「也算我一個!」趙寶鋼立即道。
陳小二感興趣,但還拿捏著點,「我這段忙,有空就看看,看看。」
「……」
梁左推了推眼鏡,道:「什麼框架,你要先想人物,還是先想故事?」
「人物,情景喜劇人物最重要,我先起個頭……」
許非頓了頓,道:「沒頭沒尾的不好切入,咱們從年齡段入手,肯定老中青少四代人。先說老的,老的不能太多,多了搶戲,一男一女正好。還不能是一家人,一家沒意思,哎,一個鰥夫一個寡婦,怎麼樣?」
「不錯!寡婦還有個女兒,大傻丫頭。」趙寶鋼道。
「傻丫頭不好,刻意了,鬧離婚的女兒怎麼樣?」馮褲子道。
「好!鬧離婚的,比離婚的有看頭。」
陳小二又露出光頭,「老鰥夫有個孫女,二十出頭,子女在外地工作。孫女漂亮,大高個,大眼睛,是個,是個,模特!」
「哎,模特好!」
趙寶鋼拍起了肚皮,「我就沒在電視劇裡見著過模特!」
「那戲劇衝突就有了……」
認真聽講的梁左忽道:「鰥夫是退下來的老傳統,守舊,孫女要當模特,必然要產生矛盾。寡婦的女兒要離婚,旁人勸和還是勸離?這又是衝突。」
「厲害!咱們改革開放十來年,還有人抱著寧拆十座廟,不拆一樁婚說事,這種人就該打死!」
許非也豎了根大拇指,「倆老人的職業,我覺得要有意思一些。老太太可以是搞文藝退下來的,每天早上弔嗓子,以前當過民兵,身子骨硬朗。」
「民兵說明練過,必要時候出其不意,勇擒罪犯,這包袱有了!」
陳小二琢磨琢磨,「老人是個非常好的調劑,咋咋呼呼特有戲,但主角還得放在年輕人身上。」
「有理,年輕人當主角觀眾更愛看。」馮褲子道。
「中年,中年有家有業,生活穩定,可以設定成文化人,語文老師怎麼樣?業務能力高,有才華,但就是分不著房子,一家三口擠在大雜院,有自己的那份文人哀愁。」許非道。

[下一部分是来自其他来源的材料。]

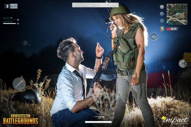 The photos, shot by Impact Photography, include several elements of PUBG. The groom wore a white chemise with black tie similar to the character on the cover of the game. The bride, meanwhile, was clad the signature PUBG bulletproof vest and helmet. They both were holding rifles found in the game as well. In the background, we can see the grassland of the Erangel map and the airdrop crate. The game’s interface, including the minimap, healthbar, number of players alive, compass, and on-screen control buttons have been photoshopped into the pictures as well.

「媳婦兒是個食堂工人,快人快語,家務是把好手,缺少精神交流。再加個女兒,少字輩也有了。」
梁左思索了一會,繼續道:「學校來了一位新同事,年輕姑娘,讀詩寫作,喜歡惠特曼和簡奧斯汀。老師心猿意馬,覺得找到了精神伴侶,結果姑娘愛錢,又是一段後現代主義孽緣……」
「哈哈,絕了!絕了!」
趙寶鋼一下子站起來,拍案大笑。
「再有,可以寫一對外地夫妻,開個小店什麼的,能豐富內容。」
陳小二掰著手指頭數,「寡婦帶一女兒,鰥夫帶一孫女,老師三口,外地夫妻兩口,這就九個了,做固定演員足夠,就看主角怎麼著了。」
許非思考道:「主角我覺得不能太年輕,稍微大一點,二十八九歲那樣,無業遊民,但不是混混,有自己的追求,追求什麼……」
「藝術。」梁左道。
「誒,可以,這樣反差更強烈。」許非道。
「可沒工作,他靠什麼活呢?」馮褲子道。
「呃……」
趙寶鋼轉了轉眼珠子,忽地靈光乍現,「賣盜版磁帶!」
「哈哈哈哈!」
「你這個更絕!」
「好!好!」
許非笑著起身,拎起第二壺水,挨個碗給添。
升騰的熱氣瞬間又在桌間瀰漫,白滾滾,溼騰騰,每人臉上都抹了層水沫兒。
幾人都湧出一股熱乎乎的感覺,從無到有,從有到細緻,就像看著一個東西在自己手中慢慢成型。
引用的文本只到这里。